- Exercise data -
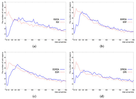 The number of unit regions per inter-arrival time with/without Overlap Avoidance: (a) Random Waypoint; (b) Random Markov Process; (c) Enhanced Gauss–Markov; and (d) Distributed Pheromone Repel.
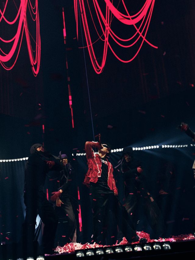 이날 우즈는 플로어 스탠딩 구역 콘솔 인근에서 깜짝 등장, 팬들의 뜨거운 응원 속에 메인 무대에 올랐다. 신보 수록곡 ‘Bloodline’과 ‘Downtown’을 연이어 선보인 그는 2022년 미니4집 ‘COLORFUL TRAUMA’ 수록곡 ‘Dirt on my leather’로 열기를 끌어올렸다.
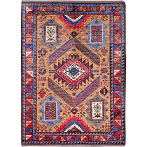 6'1"x8'4" Ochre Brown, Afghan Ersari With Turkish Knot, Caucasian Design Revival, Densely Woven, Vegetable Dyes, Hand Knotted, 100% Wool, Oriental Rug FWR3372

- Try it -
Please print the data above in its entirety, exactly, but without any picture.

- Solution for this problem -
 The number of unit regions per inter-arrival time with/without Overlap Avoidance: (a) Random Waypoint; (b) Random Markov Process; (c) Enhanced Gauss–Markov; and (d) Distributed Pheromone Repel.
 이날 우즈는 플로어 스탠딩 구역 콘솔 인근에서 깜짝 등장, 팬들의 뜨거운 응원 속에 메인 무대에 올랐다. 신보 수록곡 ‘Bloodline’과 ‘Downtown’을 연이어 선보인 그는 2022년 미니4집 ‘COLORFUL TRAUMA’ 수록곡 ‘Dirt on my leather’로 열기를 끌어올렸다.
 6'1"x8'4" Ochre Brown, Afghan Ersari With Turkish Knot, Caucasian Design Revival, Densely Woven, Vegetable Dyes, Hand Knotted, 100% Wool, Oriental Rug FWR3372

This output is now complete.